D. ward muses on the current and potential roles of the human gut microbiota in collaboration and art in general.
When thinking about artistic collaboration, one might have in mind the image of an artist working together with another artist (or community, environment, etc.) to produce a work of art in some form. A diagram of this image would include the artist, a bidirectional arrow between them and another entity, and something synthesized from this relationship. Unfortunately, this image may bias one toward imagining the artist’s collaborator(s) as being external to the artist, obscuring the view of the many tiny, constant collaborators internal to the artist themself.
If we identify the artist with the human part of the artist’s body, then, by current estimates, that body is approximately 43% artist by cell count. The remainder is composed of the microbes living in and on the human body, including the 100 trillion bacteria making up the gut microbiota. A clear bidirectional exchange between gut bacteria and the artist-as-human is seen when we consider that the artist influences the composition of the gut microbiota through diet, probiotics, and antibiotics, and that studies have increasingly shown the influence of gut microbiota on various mental processes through the gut-brain axis. Studies have further demonstrated that transplanting microbiota from the gut of a person with no symptoms of depression to a depressed person’s gut decreases symptoms of depression (and vice versa!), demonstrating the potential strength of the artist-microbiota relationship. Confronted with the degree to which bacteria influence the artist-as-human’s thinking, one might begin to doubt the idea of the artist as an autonomous subject at all. But by viewing the artistic process as a collaboration between artist and microbiota, with an ongoing exchange of ideas, we allow the retention of the artist-identity (although the labor of trillions of collaborators may go uncredited toward the work of art).

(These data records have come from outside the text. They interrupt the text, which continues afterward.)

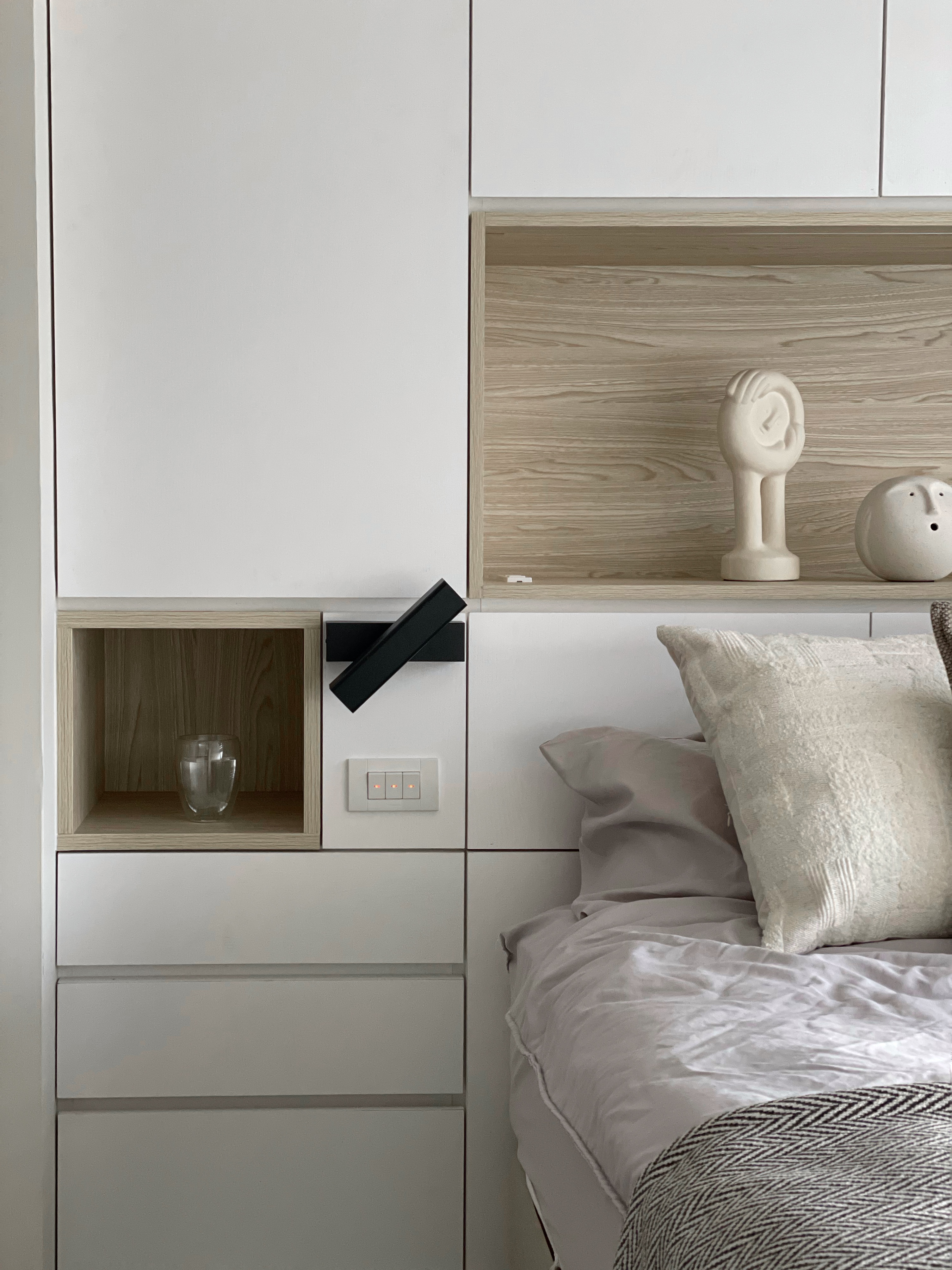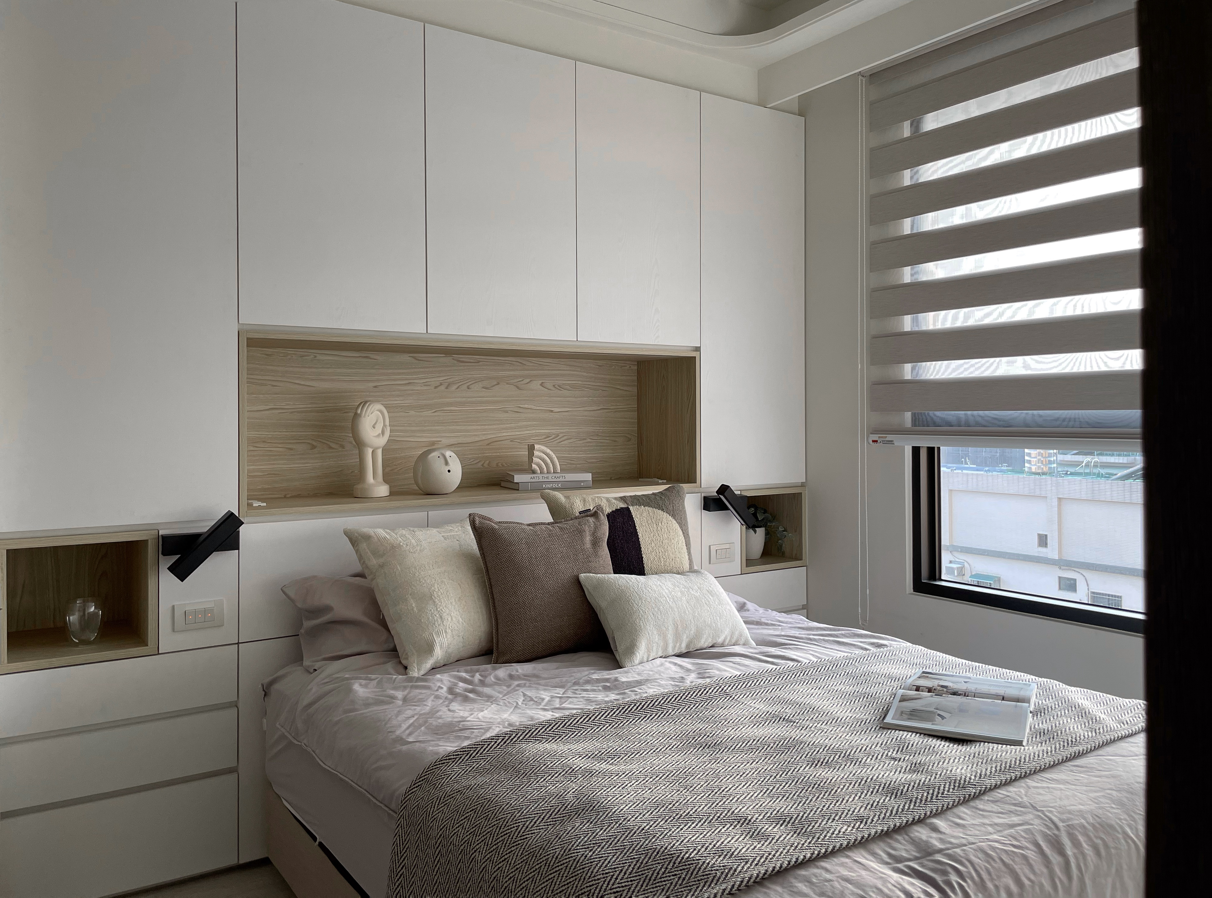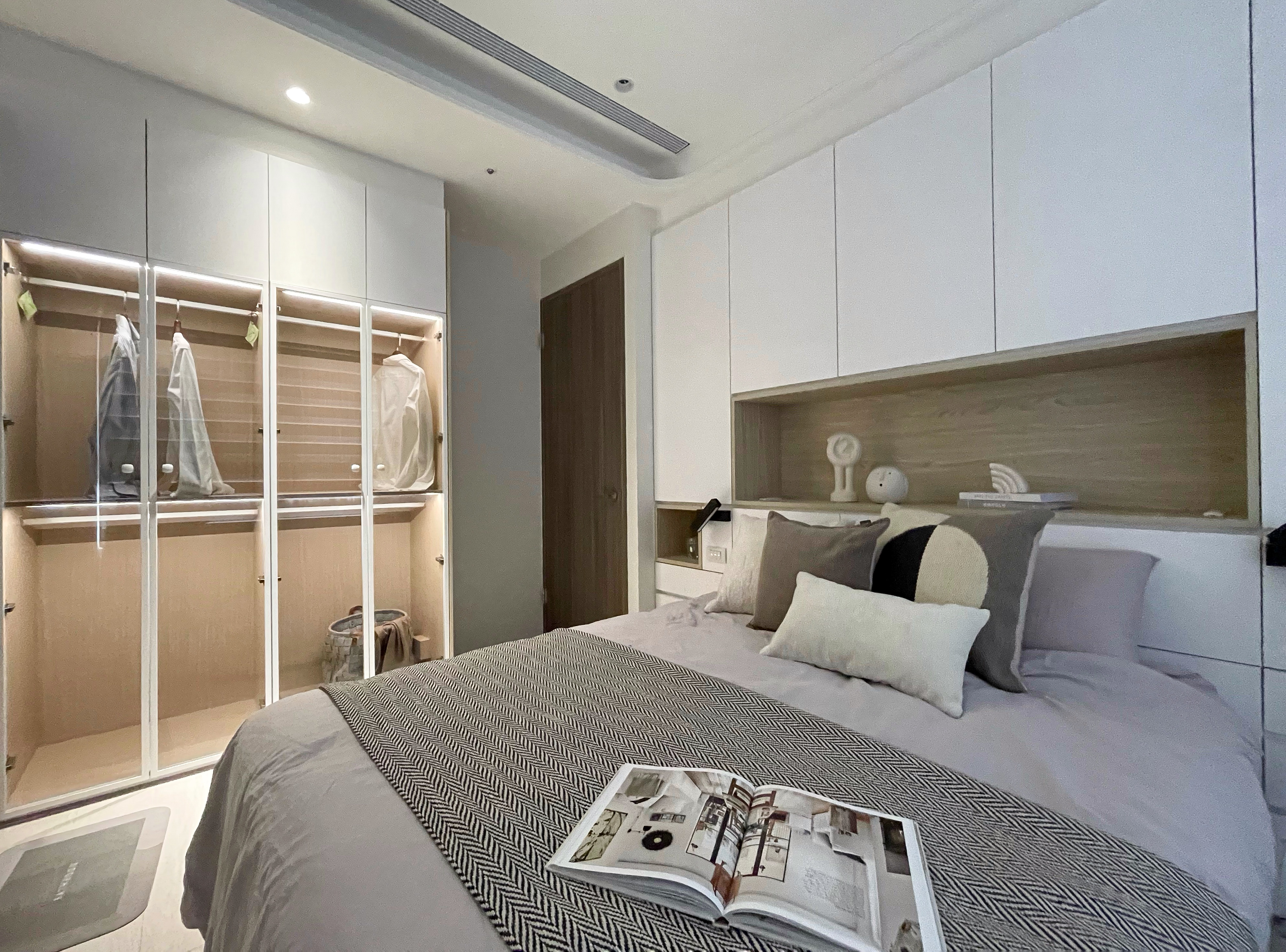 ▲ 床頭設計規劃床背櫃,換季衣物可以收納其中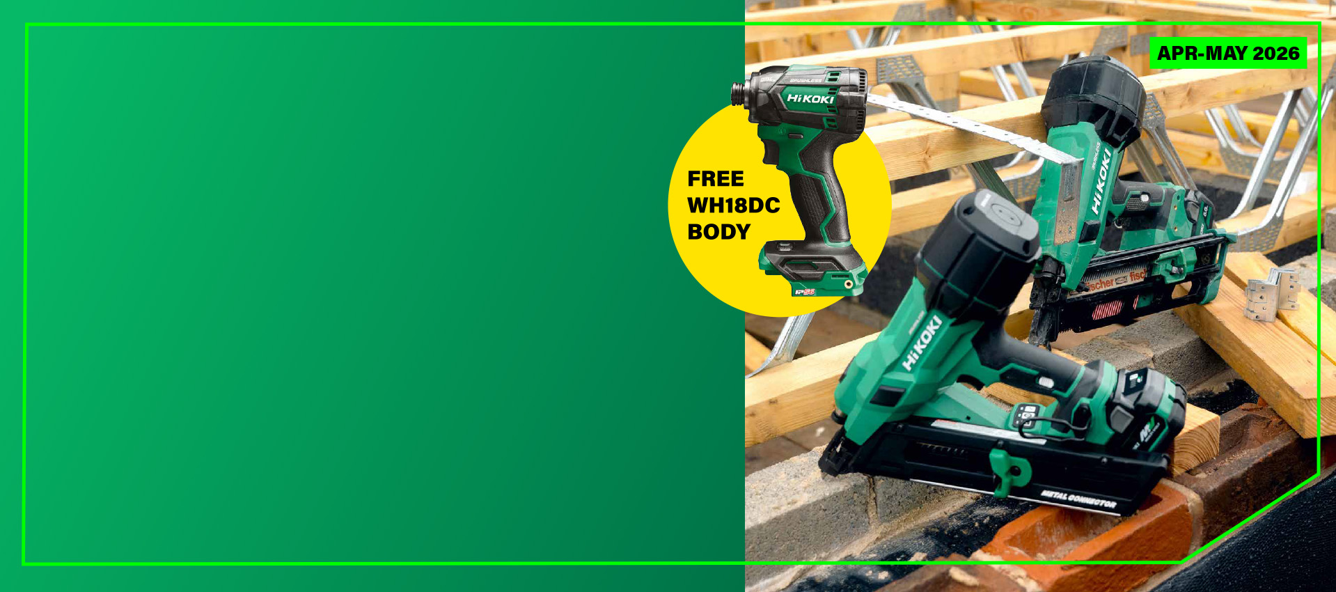 * This promotion is valid for selected HiKOKI tools (Promotional Products) which are purchased and registered during the promotional period from 01.04.2026 up to and including 31.05.2026. You will receive a WH18DC 18V Impact Driver (Body) for free - while supplies last - provided.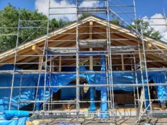 午前中は大工さんの要望でVillaホテルの各棟に仮設電気をFケーブルで引っ張りました。 管理棟付近に仮設電気ポールがあるのでFケーブルを地面に這わせて配線させていただきました。 一番奥のC棟まで約40m。 2.6㎜の太めの配線で引っ張りましたよ。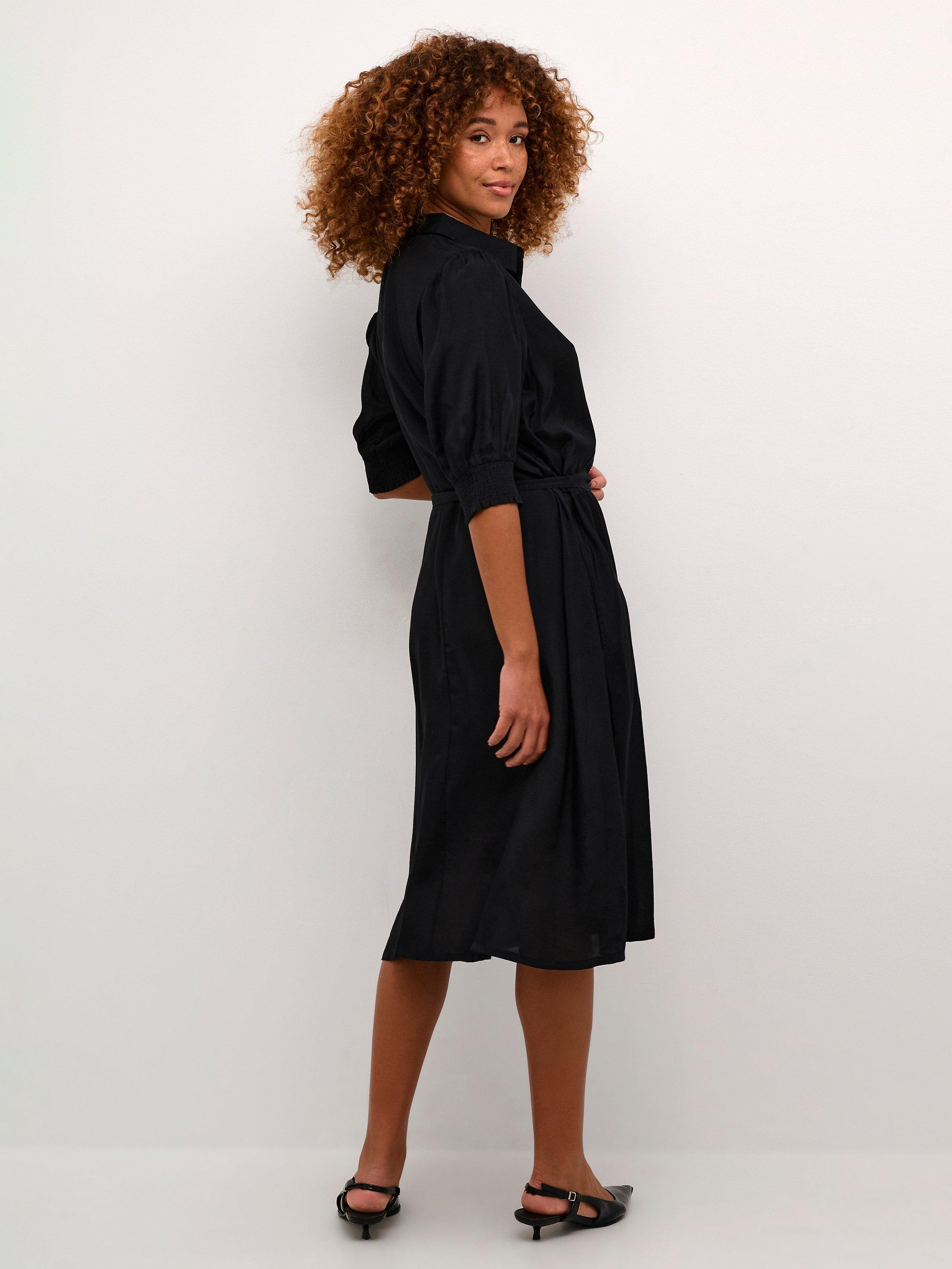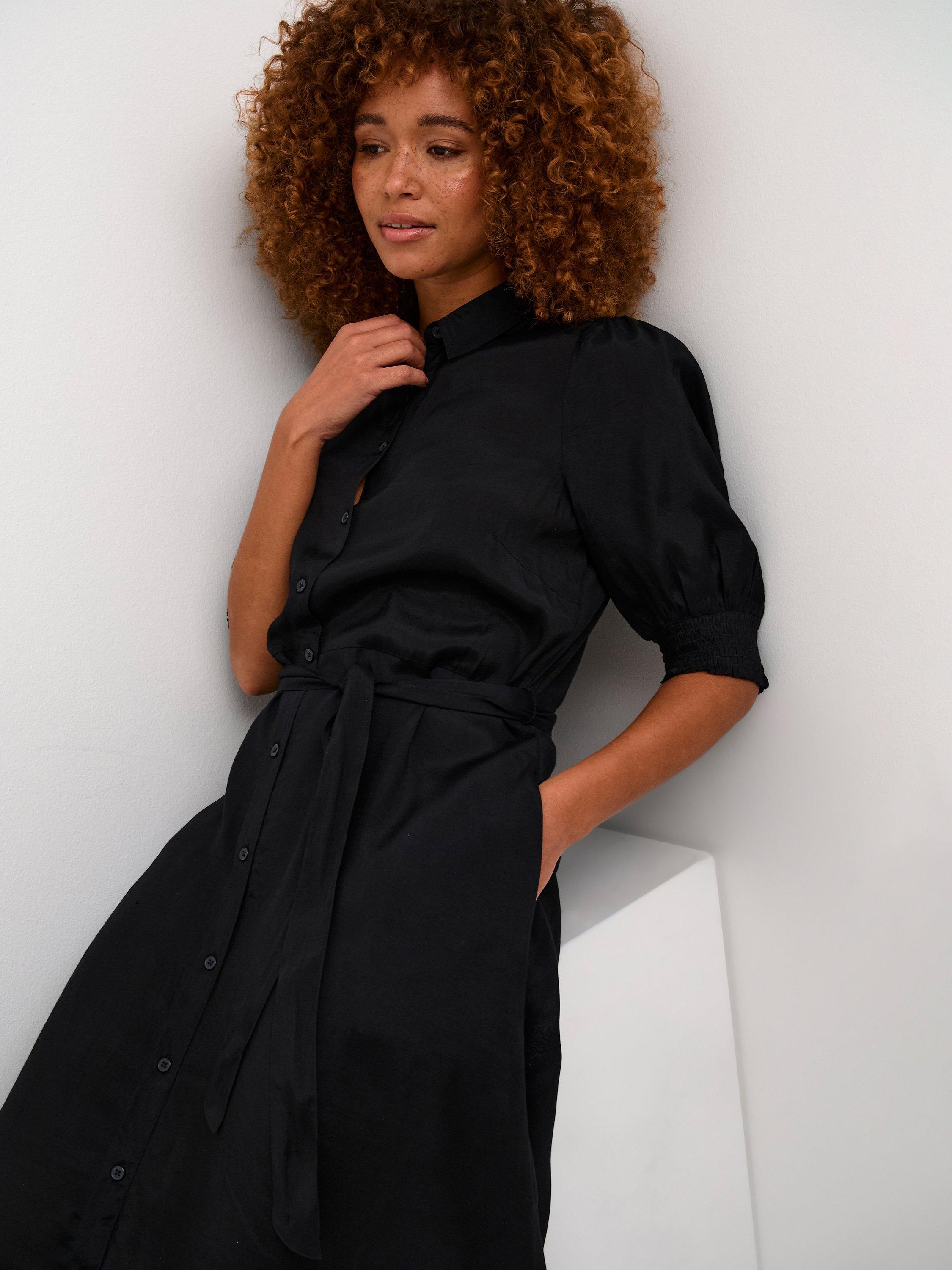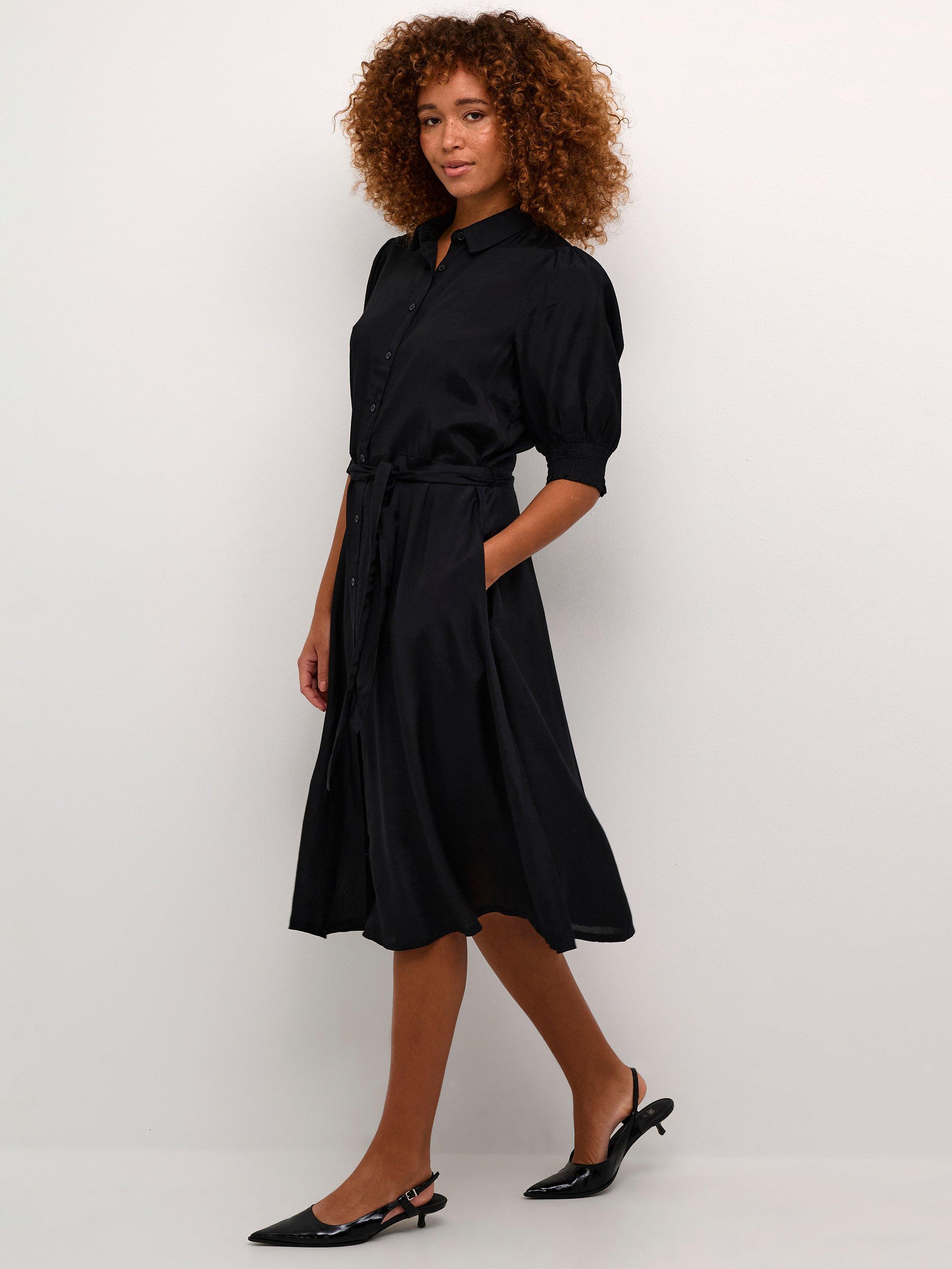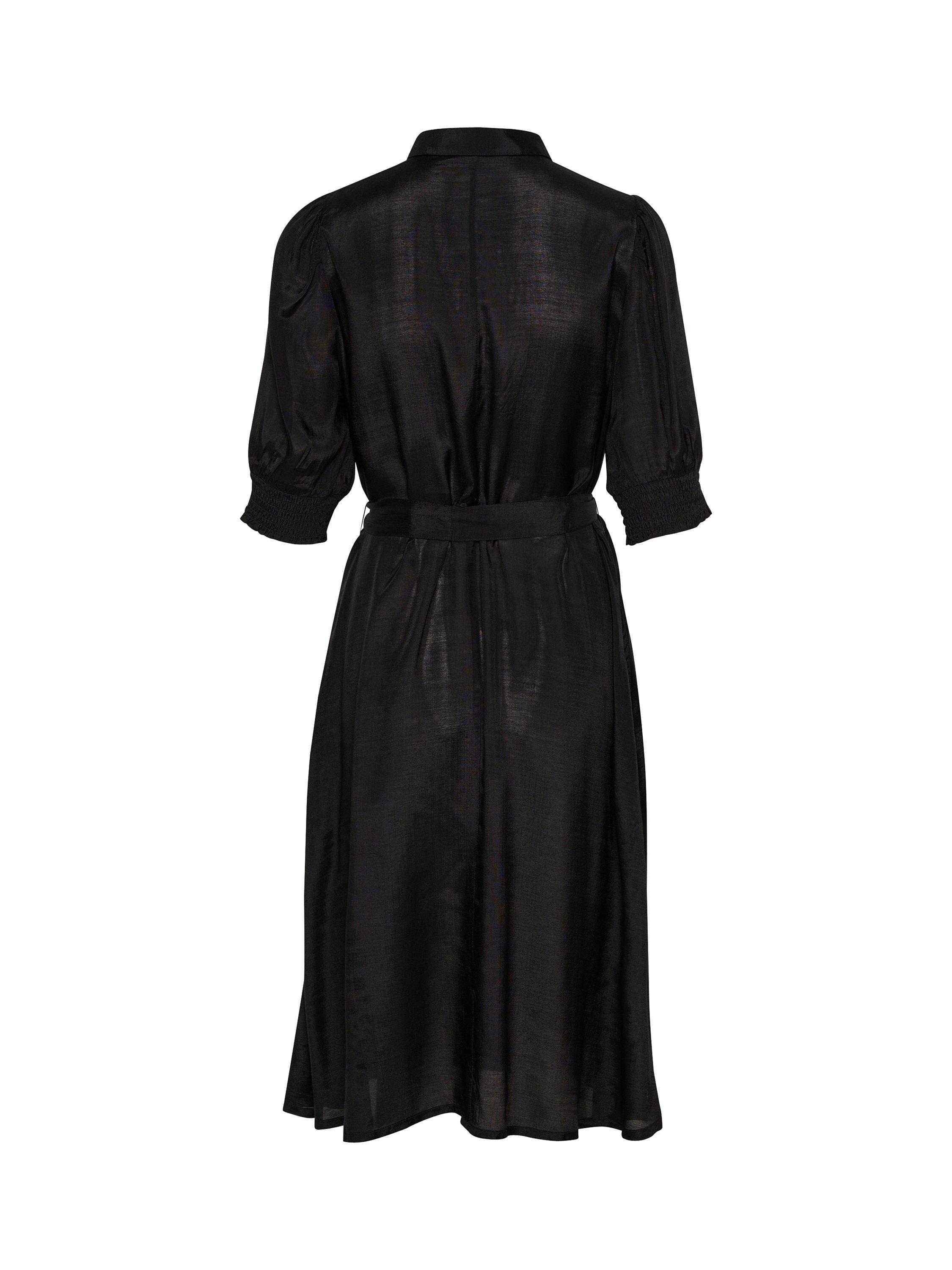 The emine shirt dress is the perfect everyday style to add to your wardrobe. It has a spread collar and buttons, and it has a regular fit with a tying belt at the waist. The sleeves are half-length with a loose fit, and they are gathered in a smock cuff. The dress has seamed side pockets, and it is cut below the knees.

Now, in a traditional collaboration between, say, two artists, each gut microbiota is obviously included in the collaborative process through its interactions with its corresponding artist-as-human. But on top of this, direct microbiota-microbiota collaboration may occur. In recent years, researchers have found a correlation between closeness in social relationships and gut microbiota composition; that is, the more intimate a relationship, the more similar the gut microbiota between the humans in the relationships. We can then picture a convergence of gut microbiota, essentially an inter-microbiotic collaboration, paralleling an increasingly intimate artist-artist collaboration. And given the effects of the gutbrain axis on psychology, this can result in a convergence of thinking between collaborators, the shared microbiome functioning similarly to the wholly new “third mind” that Brion Gysin and William S. Burroughs described as arising when two subjects collude. One must then wonder whether this effect can be accelerated through (fecal) microbiota transplants between the two artists. Moreover, how can artists employ such microbiotic interventions to envision a revolutionary, collaborative future?